Ÿ  Nodule sizes are varying widely: Commonly a nodule diameter can take any value between a few millimeters up to several centimeters [11].

Ÿ  Nodules exhibit a large variation in density—and Hence visibility on a radiograph—some nodules are only slightly denser than the surrounding lung tissue, while the densest ones are calcified [11].

Ÿ  As nodules can appear anywhere in the lung field, they can be obscured by ribs, and structures beneath the diaphragm, resulting in a large variation of contrast to the background [11].

3. Proposed Method

Our work aims to apply some data mining techniques in the form of chest X-ray images for the diagnosis of lung cancer in its early stages. So we need to classify these images to a number of categories: normal and abnormal, which includes lung cancer in its early stages. Data mining includes many of the techniques or methods such as the characterization and classification of discrimination and association and compilation, and analysis of the development trend and deviation analysis, similarity analysis, etc... We chose the classification technique based on the type of knowledge to be mined. By inputting a training data set and building a model of the class attribute based on the rest of the attributes. In this way the classification will produce a function that is sorting out a data item into one of several predefined classes [12].

Our proposed system will classify the lung nodule into benign (non-cancerous) or malignant (cancer). Most of the cancers start with the appearance of small nodules. Nodule pixels are often brighter than the surrounding areas, but in some cases, the difference in grey levels is not significant. Furthermore, ribs and pulmonary arteries, which often have higher grey levels, also contribute to the complexity of lung tissue and make some nodules undetectable.

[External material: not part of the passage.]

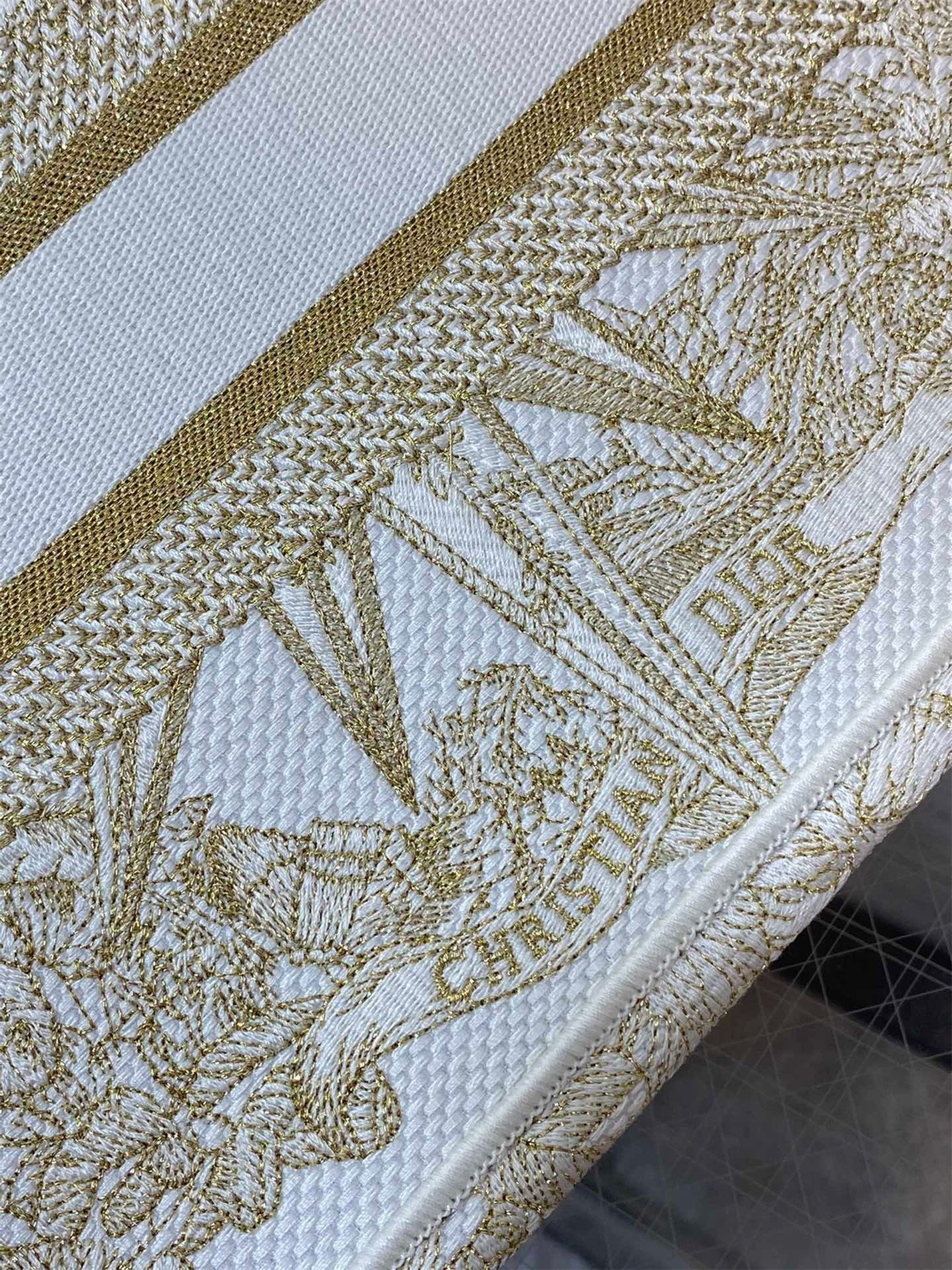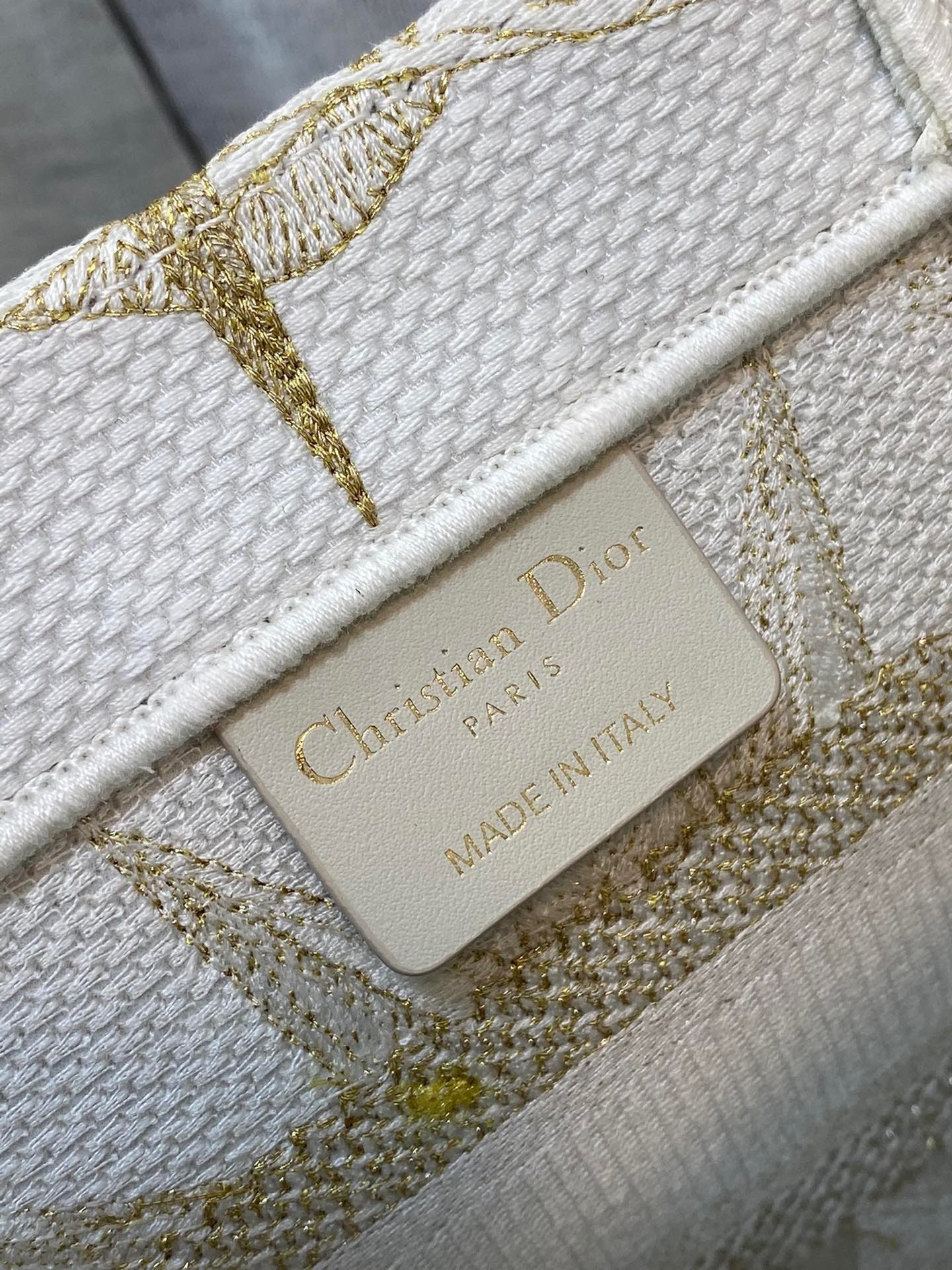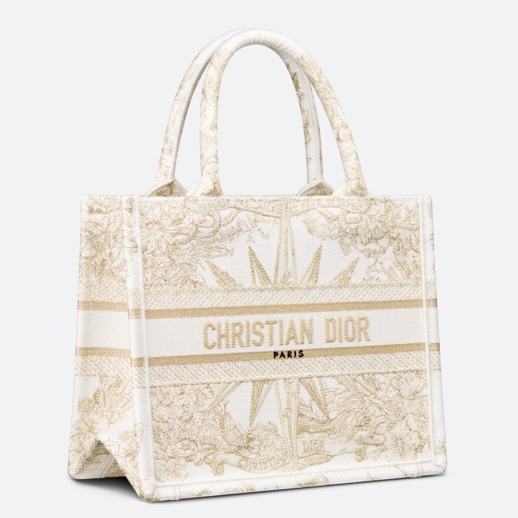 The Dior Book Tote is an original creation introduced by Dior's Creative Director, Maria Grazia Chiuri, and has become a staple of the Dior aesthetic. Designed to hold all the daily essentials, it is fully embroidered with the Rêve d'Infini motif by artist Pietro Ruffo embellished with gold-tone metallic thread, offering a dreamlike new take on Christian Dior's favorite star symbol and essential House code. Adorned with a 'CHRISTIAN DIOR PARIS' signature on the front, the small tote exemplifies the House's signature savoir-faire and may be carried by hand or worn over the shoulder.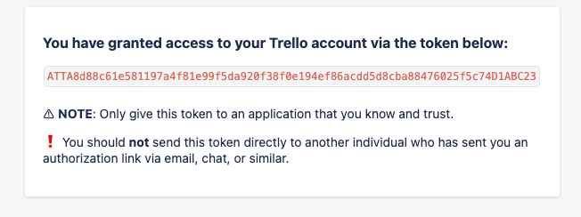 For generating an API key and Token, you first need to have created a Trello Power-Up.

To detect and classify early nodules we employed data mining approach to extract these nodules from the X-ray images, these steps were shown in the following figure (Figure 1).

In the first step we applied pre-processing techniques to the images before the feature extraction phase, data preprocessing is necessary to get better the quality of the actual data for mining. Lung field segmentation procedures to isolate lung from chest X-ray, after enhancing the images with represent to the data cleaning phase, and image segmentation. Features relevant to the classification are extracted from the cleaned images. The extracted features are organized in a database in the form of transactions, which constitute the input for classification algorithm used.

In the classification phase we used artificial neural network (ANN) technique. It classifies the image into a normal or abnormal status.

Figure 1. The steps of early detect the nodules by using data mining method.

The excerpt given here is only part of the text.